* _TASK ITEM_:
Keep the lines exact and the pictures out as you repeat the following listing.

* _DATA SHOWN_:
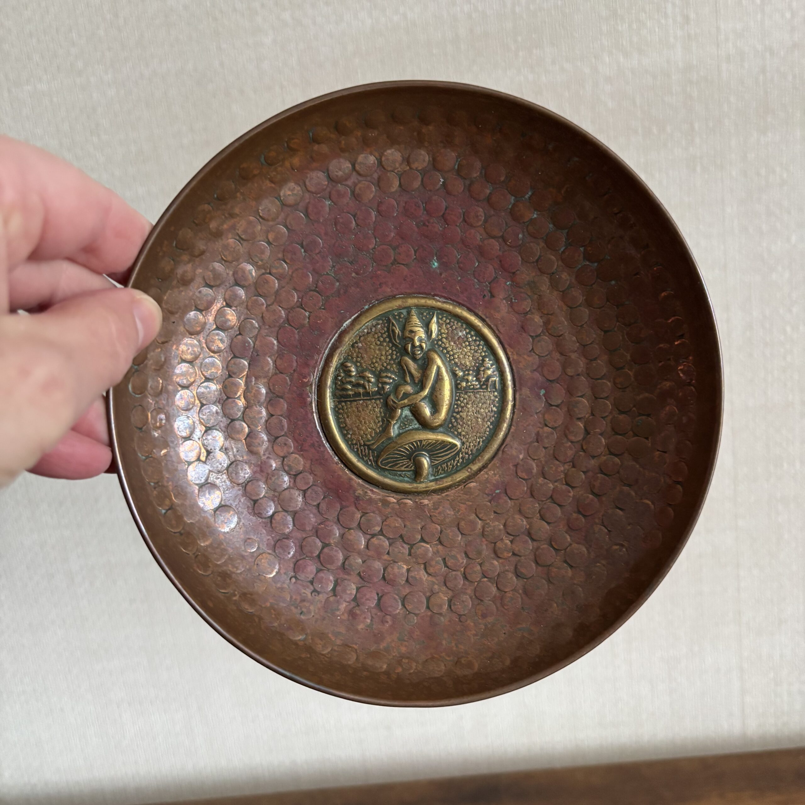 Hammered Copper Dish With Brass Pixie Centre
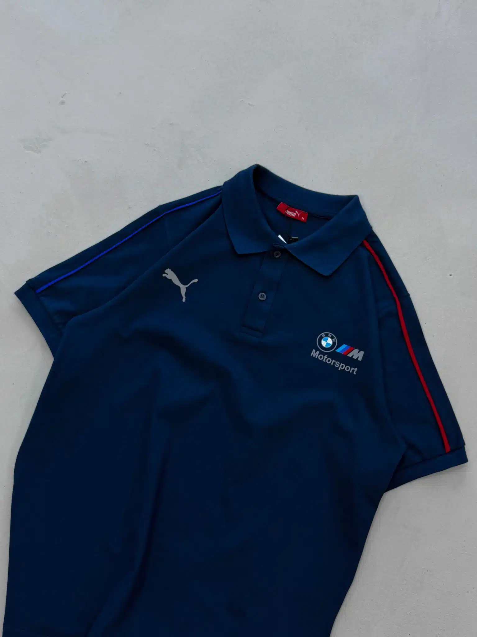 BMW Enjeksiyon Baskılı Şerit Detaylı Polo Yaka Tshirt-Lacivert
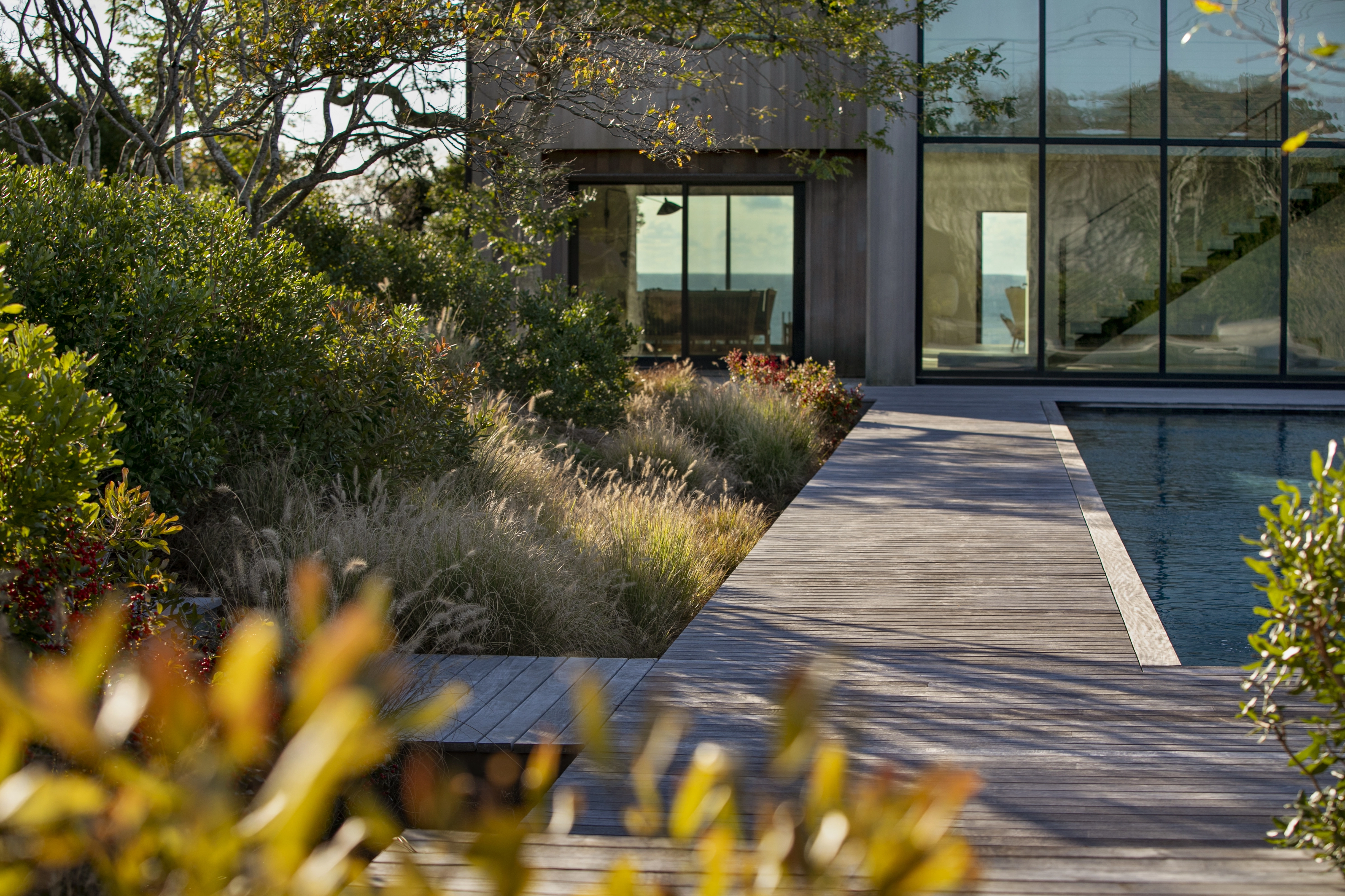 The house renovation included a facade of glass overlooking the swimming pool, which was designed with sculptural intent to reflect its lush native surroundings. A planting palette of Shad trees, Bayberry, Winter Berry, Inkberry, and massing’s of Switch Grass, Little Bluestem and Dwarf Fountain Grasses were used to enhance and stabilize the bluff. These all work together to additionally provide not only a pleasing aesthetic, but also offers habitat and forage for the migrating bird population.

* _ANSWER SPACE_:
 Hammered Copper Dish With Brass Pixie Centre
 BMW Enjeksiyon Baskılı Şerit Detaylı Polo Yaka Tshirt-Lacivert
 The house renovation included a facade of glass overlooking the swimming pool, which was designed with sculptural intent to reflect its lush native surroundings. A planting palette of Shad trees, Bayberry, Winter Berry, Inkberry, and massing’s of Switch Grass, Little Bluestem and Dwarf Fountain Grasses were used to enhance and stabilize the bluff. These all work together to additionally provide not only a pleasing aesthetic, but also offers habitat and forage for the migrating bird population.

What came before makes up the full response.